PROJECT SUMMARY Spinal cord stimulators (SCS) and related devices are commonly used to treat refractory pain conditions, although mechanisms underlying pain reduction remain unclear. Improved understanding of SCS and the development of biomarkers are critical for improving device design and stimulation patterns and optimizing patient selection for device treatment. The main hypothesis of this proposal is that SCS devices reduce pain by modulating the excitability of peripheral sensory nerve fibers that project within the spinal dorsal columns, and this effect can be leveraged for biomarker development. The rationale for this hypothesis is that first order low-threshold mechanoreceptors project from the periphery through the dorsal column/medial lemniscus system to the brainstem. These are the neurons that (1) have closest proximity to the epidural space, the location of stimulation, and (2) have processes in both the periphery and spinal cord tracts. We will apply specialized tests of peripheral nerve excitability, threshold tracking nerve conduction studies, to detect changes in the excitability exerted on these neurons by SCS. We will also perform secondary measurements to determine other potential mechanisms of SCS in the peripheral and central nervous systems: microneurography, to detect modulation of primary nociceptor neuron excitability; PET-MRI, to measure changes in brain neuroinflammation; plasma cytokines and chemokines, to detect systemic neuroinflammatory effects due to SCS. We will perform sensory phenotyping to identify mechanisms in specific subgroups and pain and psychometric instruments to quantify responses. Aim 1 will use a multiple crossover design in subjects who have stably implanted SCS devices, and SCS settings will be toggled between therapeutic and minimal settings. Crossover intervals will include both two-week periods and rapid two-hour periods between setting changes. Aim 2 will consist of a prospective assessment of subjects prior and after implantation of new SCS devices, with a goal of identifying predictors of pain reduction response. The successful completion of this study will yield new mechanisms by which SCS reduces pain, relevant biomarkers, and further development of promising outcomes for broad pain research.

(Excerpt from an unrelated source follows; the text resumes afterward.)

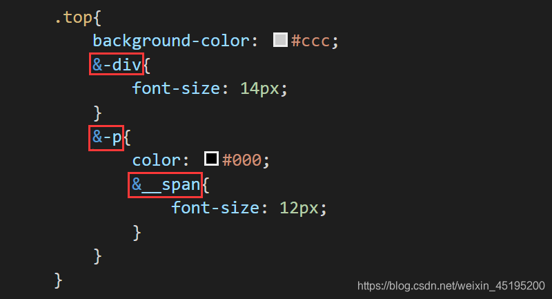 除此之外,我们也可以在 & 符号后面添加一些后缀,表示在父选择器名称的基础上组合成新的选择器名称。

项目概要 脊髓刺激器 (SCS) 和相关设备通常用于治疗难治性疼痛， 尽管减轻疼痛的机制仍不清楚。加深对 SCS 和 生物标志物的开发对于改进设备设计和刺激模式以及优化至关重要 患者选择设备治疗。该提案的主要假设是 SCS 设备可以减轻疼痛 通过调节脊髓背部投射的周围感觉神经纤维的兴奋性 柱，并且可以利用这种效应来开发生物标记物。这个假设的基本原理是 一阶低阈值机械感受器从外围通过背柱/内侧投射 丘系系统至脑干。这些神经元 (1) 最接近硬膜外 空间，刺激的位置，以及（2）在外周和脊髓束中都有过程。我们 将应用周围神经兴奋性的专门测试、阈值跟踪神经传导研究， 检测 SCS 对这些神经元施加的兴奋性的变化。我们还将进行二次 测量以确定周围和中枢神经 SCS 的其他潜在机制 系统：显微神经造影，检测初级伤害感受器神经元兴奋性的调节； PET-MRI，以 测量大脑神经炎症的变化；血浆细胞因子和趋化因子，以检测全身 SCS 引起的神经炎症效应。我们将进行感官表型分析来识别机制 特定的亚组以及疼痛和心理测量工具来量化反应。目标 1 将使用倍数 对已稳定植入 SCS 设备的受试者进行交叉设计，并且 SCS 设置将被切换 介于治疗和最低设置之间。交叉间隔将包括两周时间和快速时间 设置更改之间的间隔为两小时。目标 2 将包括事先对受试者进行前瞻性评估 以及植入新的 SCS 设备后，目的是确定疼痛减轻反应的预测因子。 这项研究的成功完成将产生 SCS 减轻疼痛的新机制，相关 生物标志物，以及进一步开发广泛疼痛研究的有希望的结果。